1. Identify the low-hanging fruit. When we went around and asked JPL employees what problems they wished they could solve, they didn’t hold back. We soon had a list of 70 problems. Next we did some prototyping to see if it made sense to climb higher in those fruit trees, and then we selected seven problems that were considered low hanging because they could be addressed during our project time frame. By identifying low-hanging fruits, you’re setting your big data project up for success. You’ll be able to start your project knowing that your team has the time and data necessary to complete it.
2. Create a startup environment. We didn’t know whether the results of our data mining would be valuable, so we opted not to put these big data projects in the operations pipeline. Instead we chose to create our own internal startup, a move that would allow us to keep policies and procedures from slowing us down. We even ripped out cubes so our startup team could face each other instead of walls. A great way to get quick results is to make sure your team is set up to collaborate, which is something many startups thrive at doing.
3. Take it to the cloud. Rapid prototyping was important to our internal big data project. We didn’t want to impact our existing environment, nor did we want to lean on our already-busy IT team, so we worked in the cloud. We also were able to try out some cloud-based tools to help us visualize our data. Since you don’t have to install the cloud-based tools across the enterprise, you can try them, and if it doesn’t work, throw them away and try something different.
4. Get visual early and often. Each time we had results to share with the teams, we found a way to present our findings visually and quickly so that they could iterate through it. By showing the data visually, we found that our sponsors would immediately analyze it and come back at us with questions that prompted us to dig even deeper. They’d say things like “That’s interesting, why is that spike there, or why is that dip there?” And often that turned out to be the valuable question.
5. Let teams analyze their own data. Whenever we tried to analyze the data for our sponsors, we made a mistake. If you make a mistake too early, you lose your credibility. Take a consultative approach and say: “Here’s your data. I visualized it for you. What do you think?” That’s a very different approach than saying: “Here’s your data.

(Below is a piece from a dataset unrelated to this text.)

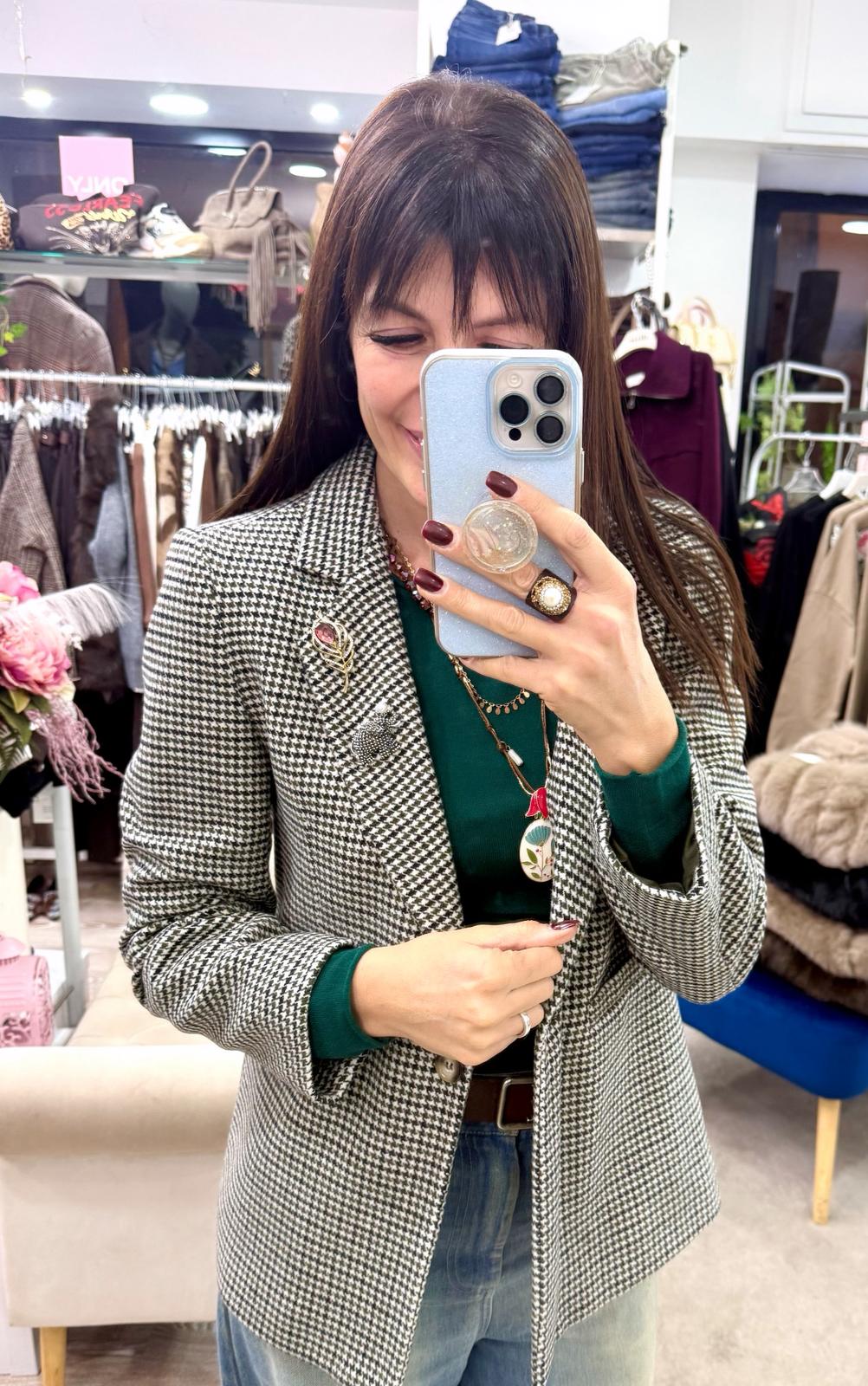 Recensisci per primo “Blazer cappottino con spille in fantasia pied poule Susy Mix”

Here’s what it means.”
While these takeaways may not apply to every big data endeavor you take on, hopefully they can help you save time and dig deeper in your projects.

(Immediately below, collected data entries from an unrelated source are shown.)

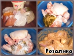 Куриные бедрышки отделить от ножек, положить в тазик или кастрюлю добавить специи, посолить, поперчить. Все перемешать.
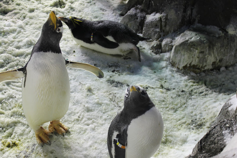Mom and Dad had decided not to go into the Penguin exhibit with us because mom was just worn out. We had planned on going the next day, but the kids insisted we go. It is a good thing they did. While we were inside looking at the penguins, dad was outside looking at the tropical penguins. He got to talking with one of the workers there, and the guy mentioned that they generally select 1 family a day to go inside the penguin exhibit. He told my dad that he would pic him, but they want him to pick someone with kids. My dad got all excited and told him that he had his 3 grandkids with him. Jason (the worker) got excited and told my dad to gather us up, so we could go inside the penguin exhibit.
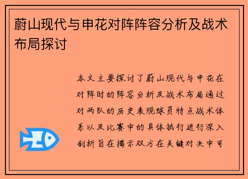 本文主要探讨了蔚山现代与申花在对阵时的阵容分析及战术布局。通过对两队的历史表现、球员特点、战术体系以及比赛中的具体执行进行深入剖析,旨在揭示双方在关键对决中可能采取的策略和应对方式。在本场较量中,蔚山现代凭借其强大的进攻能力和组织能力,以及申花在防守反击中的灵活性,将成为比赛的焦点。此外,文章还将讨...

Tom Soderstrom is Chief Technology and Innovation Officer, Office of the CIO at the Jet Propulsion Laboratory (JPL) in Los Angeles, CA, and a member of the Enterprisers Editorial Board. JPL is the lead U.S. center for robotic exploration of the solar system and conducts major programs in space-based Earth sciences, including the Mars Science Laboratory mission with the Curiosity rover. JPL currently has several dozen aircraft and instruments conducting active missions in and outside of our solar system.